Hi,
the link you posted below are very useful!
However, after many trials and errors, I created a little program to
derive a public key from an x-only coordinate but, in the last step,
it fails, namely in the function
'EC_POINT_set_compressed_coordinates_GFp' called in the function
'loadKey_xOnly'.
Here the whole code:
#include <iostream>
#include <string>
#include <cstring>
#include <openssl/ec.h>
#include <openssl/ecdsa.h>
#include <openssl/obj_mac.h>
#include <openssl/err.h>
char *ossl_err_as_string (void)
{ BIO *bio = BIO_new (BIO_s_mem ());
ERR_print_errors (bio);
char *buf = NULL;
size_t len = BIO_get_mem_data (bio, &buf);
char *ret = (char *) calloc (1, 1 + len);
if (ret)
memcpy (ret, buf, len);
BIO_free (bio);
return ret;
}
void printAndExit (std::string s) {
std::cerr << "ERROR!\n" << s << std::endl << ossl_err_as_string () <<
std::endl;
exit(EXIT_FAILURE);
}
EC_KEY* loadKey_xOnly (std::string& xOnly) {
EC_GROUP* group = EC_GROUP_new_by_curve_name (NID_secp256k1);
if (group == NULL)
printAndExit ("group null");
EC_GROUP_set_point_conversion_form (group, POINT_CONVERSION_COMPRESSED);
EC_POINT* pubPoint = EC_POINT_new (group);
if (pubPoint == NULL)
printAndExit ("pibpoint == null");
BN_CTX* bnCtx = BN_CTX_new ();
BIGNUM* x = BN_new ();
if (x == NULL)
printAndExit ("X == NULL");
if (BN_hex2bn (&x, (const char*) xOnly.c_str()) == 0)

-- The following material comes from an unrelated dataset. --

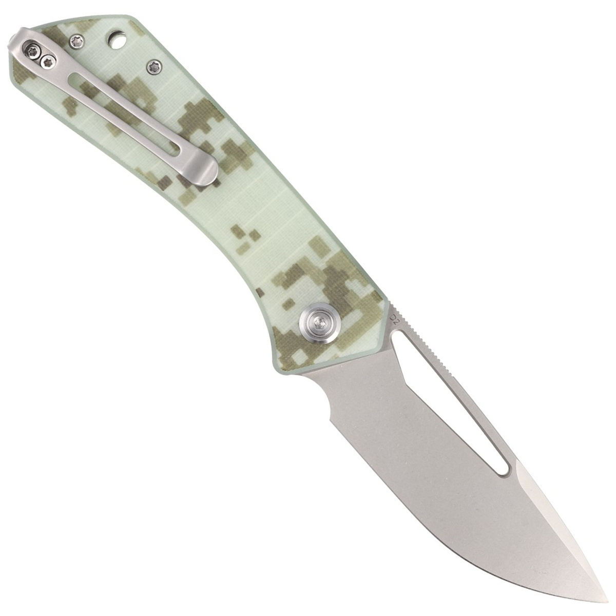 - Thalia Camo G10, Beadblasted kompaktowy, mocny folder EDC. Głownia drop point ze stali narzędziowej D2, Front Flipper do otwierania oraz rękojeść z kompozytu G10 zapewniająca pewny uchwyt. Znakomity stosunek jakości do ceny! Bestseller!

printAndExit ("hex2bn == 0");
std::cout << "x_BN:\t" << BN_bn2hex (x) << std::endl;
std::cout << "x_BA:\t" << xOnly << std::endl;
if (EC_POINT_set_compressed_coordinates_GFp (group, pubPoint, x, 0,
bnCtx) == 0)
printAndExit ("set_compr_coord == 0");
}
int main () {
std::string xOnlyStr =
"c16b4ce0532f5dc9d09114fe121d3956ae84f9eb677a0d4bdac1d3af7a91950c";
EC_KEY* key = loadKey_xOnly (xOnlyStr);
return 0;
}
The string 'xOnlyStr' contains a real x-only coordinate of a verification key.
Could you help me?
Thank you,
Luca Di Mauro
Luca Di Mauro <luca.dimauro@xxxxxxx> ha scritto:
Thank you very much for the reply!
Yes, I have also the additional information about on which of two
solutions I should take.
I'll check the guides you linked below.
Luca Di Mauro
Nicola Tuveri <nic.tuv@xxxxxxxxx> ha scritto:
Hi,
with traditional EC from the x coordinate alone you can't really do that,
because there are always 2 possible solutions for y (in R the curve is
symmetrical on the x axis).
The standards define a "compressed point" format in which you can send the
coordinate x and an additional bit to select which of the 2 y solutions to
pick.
You can read more about it in EC_GROUP_set_point_conversion_form at
https://www.openssl.org/docs/man1.1.1/man3/EC_GROUP_copy.html
and in EC_POINT_set_compressed_coordinates at
https://www.openssl.org/docs/man1.1.1/man3/EC_POINT_new.html
Hope this helps,
Nicola Tuveri
On Fri, Oct 18, 2019, 11:31 Luca Di Mauro <luca.dimauro@xxxxxxx> wrote:
Hello all,
I don't know if it is the correct mailing list to ask this, so I'm
sorry if it is the wrong palce.
I'm using openssl v1.1, and I'm trying to compute both the X and Y
coordinates of an elliptic curve point starting from a single
coordinate (X or Y).
How can i perform that in C/C++ language using libssl? I searched on
google for a couple of days but i haven't found a solution.
Luca Di Mauro